Service Level Agreement (SLA):
1.1 Responsibilities:
The Company is responsible for assigning Customer support leads in the early stages of customer onboarding. This customer lead will act as the single point of contact for the Company’s helpdesk and take responsibility for communicating any issues to the Company and determining resolutions to the Customer’s problems. This SLA is specific to the ability to access or connect to the application for any extended period, exclusive of reasons related to non-payment. 3rd party applications utilized by the Company to deliver Service are not covered in this SLA, nor are specific technical issues with software features. Those are covered with a thirty (30) period to cure, as noted in Section 7 (b) above.
1.2 Availability of Support:
First-tier support is available through a customer support lead via email from 8 am to 6 pm. Pacific Standard Time (PST). This lead can answer common-use questions and create helpdesk tickets by emailing [email protected].
Second-tier support is available for more severe issues that have been escalated to second-tier support. You can repissue through phone support by calling (866) 931-7996 or emailing [email protected].
When emailing support, the Customer is to provide details regarding the issue, including but not limited to the user account affected, the nature of the error or issue, whether the problem is occurring on the website instance or downloaded phone application, a device used, e.g., Computer, phone, the operating system for the device.
Second-tier support is available to respond to escalated issues from 8 am to 6 pm. Pacific Standard Time (PST). Responses by the second-tier support team may be provided via phone, email, or routed through first-line support.

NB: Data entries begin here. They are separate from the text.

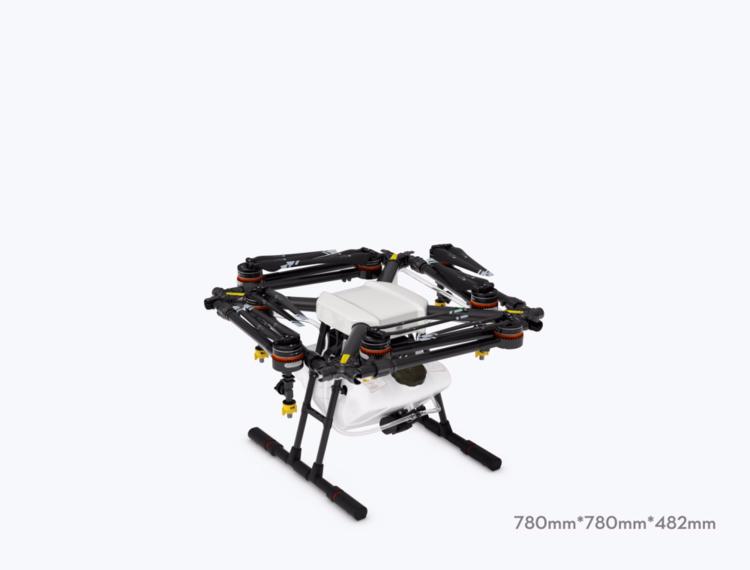 长相也跟普通的拍摄用的大疆无人机很不一样。它配有 4 个喷嘴,能够携带 10kg 的重物,这里主要就是放有药剂的药箱。相比大疆的精灵系列产品而言,MG-1 的体型很大,将机械臂折叠后,也有 780mmX780mmX482mm 的大小。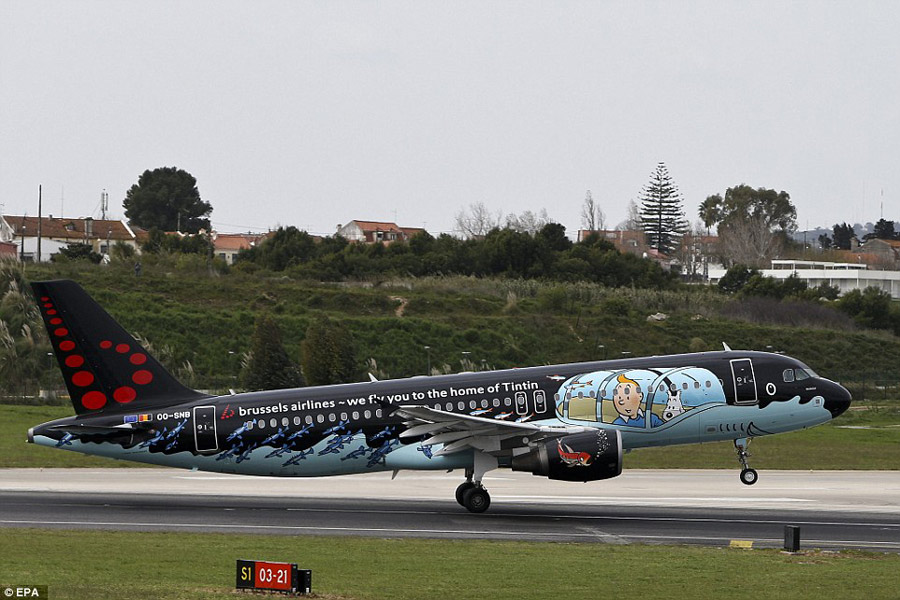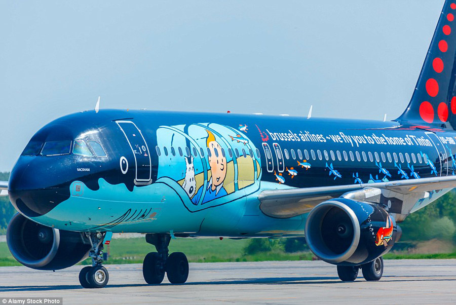 This Airbus A320 called Rackham, from Brussels Airlines, celebrates The Adventures of Tintin, created by Belgian cartoonist Herge.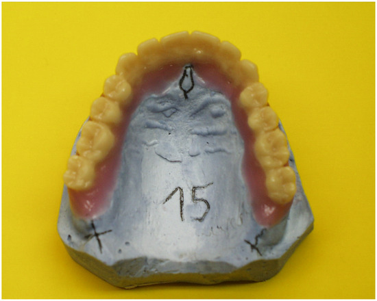 For the fabrication of a partial or a complete denture, it is important to re-establish the occlusal plane and the vertical dimension of occlusion of the patient. Arrangement of artificial teeth plays an important role in this process, ensuring not only stable occlusion but also functional performance and esthetic acceptance. For patients needing complete dentures, there are several methods described in the literature to determine the vertical dimension of occlusion, register centric relation, and provide occlusal schemes of acrylic teeth [1,2,3]. However, denture teeth set-up remains an important laboratory stage that is affected by opposing dentition, arch shape, alveolar resorption, facial esthetics, and speech. Wax rims present the standard procedure for setting artificial teeth, while modern technological advances offer the option for digital arrangement [4,5]. Facial characteristics provide a reference for teeth selection and arrangement, resulting in typical prostheses without anatomical customization. In 1981, Staub suggested that it is possible to reconstruct the position of the former (lost) natural teeth of a totally or partially edentulous patient, with their individual occlusal plane and vertical dimension of occlusion based on specific anatomical landmarks. The effective validation of the suggested clinical methodology led to the development of the Staub™ Cranial analysis and fabrication system. Subsequently, the use of this system has been recommended for the fabrication of new fixed and removable dentures, as well as for the analysis of models and existing dentures [6,7,8,9]. The StaubTM Cranial system is based on defined anatomical reference points of the jaw model. These should be present on every model and typically identifiable in their position (Figure 1).

1.3 Support Response Times
First-line support will acknowledge issues within 1 hour of initial notification. A resolution or helpdesk ticket (escalation to second-tier backing) will be provided within 5 hours of the issue’s acknowledgment.
Helpdesk tickets escalated to second-tier support will typically be resolved within three (3) business days. Second-tier support in this case is exclusive to access or connection to the software.
2. Uptime
The software will be operational and available 99.99% of the month, excluding scheduled maintenance, upgrades or initial configuration and set up of account phone, text and chat. Also excluded is any downtime associated with 3rd party connections that the Company does not control. Any downtime or outages caused by failures in the operation or maintenance of the client’s server, infrastructure, or hardware are excluded from the scope of this SLA. For each 1% missed availability, the Customer will receive a 1% credit, with a maximum of 50% of the monthly service fee credited if availability is less than 75% in a given month. Should availability fall below 75% in a given month, 100% of the monthly service fee will be credited.